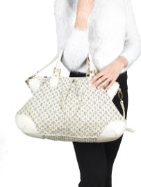 in tela di lino con piccolo Monogram grigio su base a righe bianco/ecrù, doppio manico in pelle bianca come gli angoli alla base, tracolla staccabile e regolabile con suo passaspalla, dettagli in metallo in ottone. Con dustbag originale.
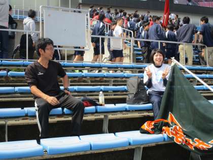 選手はまだ到着していませんでしたが、すでにブラスバンド部の子たちが練習に励んでいました。あれだけの人数がいると、しかもパートごとに集まっている(本校の生徒が集まっている訳ではない)本校の生徒を探し出すのが難しいです。
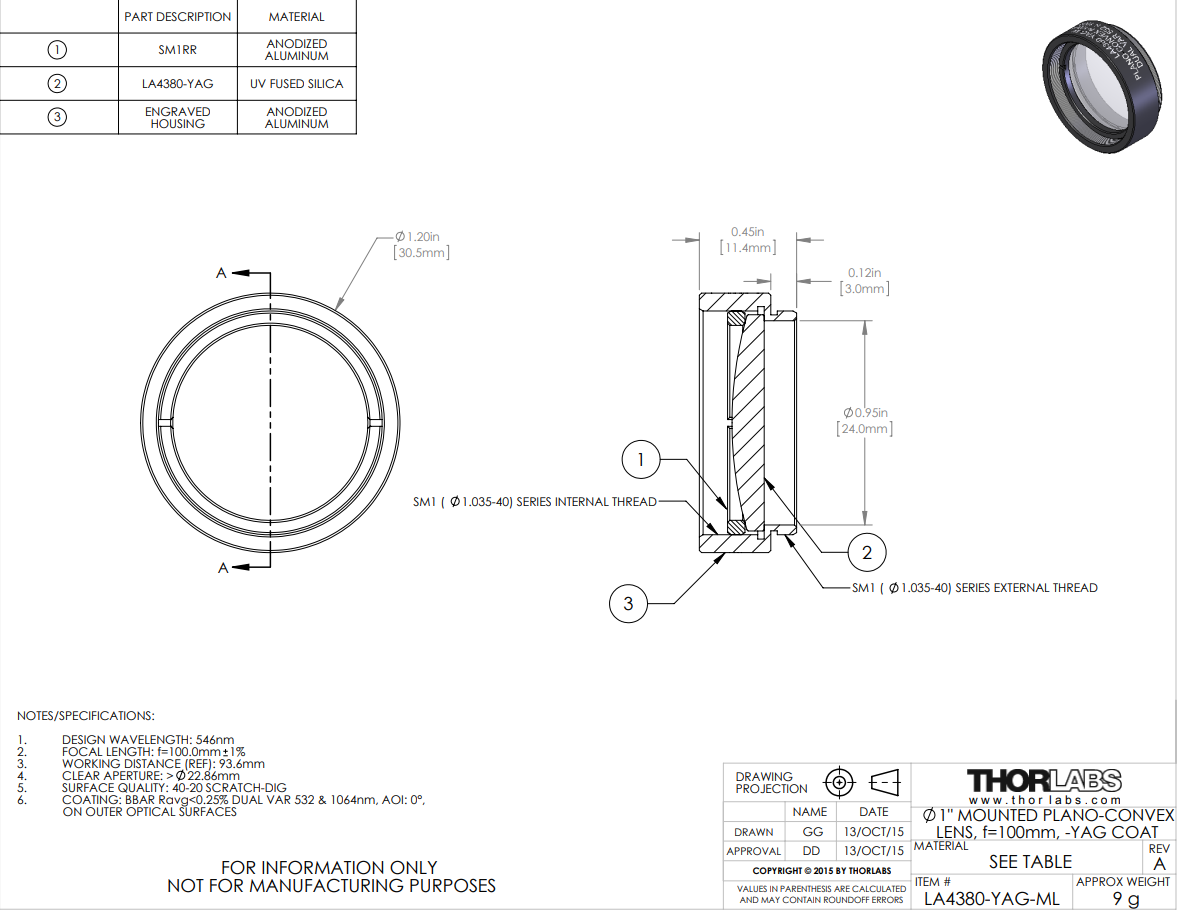Thorlabs索雷博 LA4380-YAG-ML 紫外熔融石英平凸球透镜

WHAT IS REQUIRED —
Return an exact transcription of the material, with its pictures left out.

ANSWER SPACE —
 in tela di lino con piccolo Monogram grigio su base a righe bianco/ecrù, doppio manico in pelle bianca come gli angoli alla base, tracolla staccabile e regolabile con suo passaspalla, dettagli in metallo in ottone. Con dustbag originale.
 選手はまだ到着していませんでしたが、すでにブラスバンド部の子たちが練習に励んでいました。あれだけの人数がいると、しかもパートごとに集まっている(本校の生徒が集まっている訳ではない)本校の生徒を探し出すのが難しいです。
Thorlabs索雷博 LA4380-YAG-ML 紫外熔融石英平凸球透镜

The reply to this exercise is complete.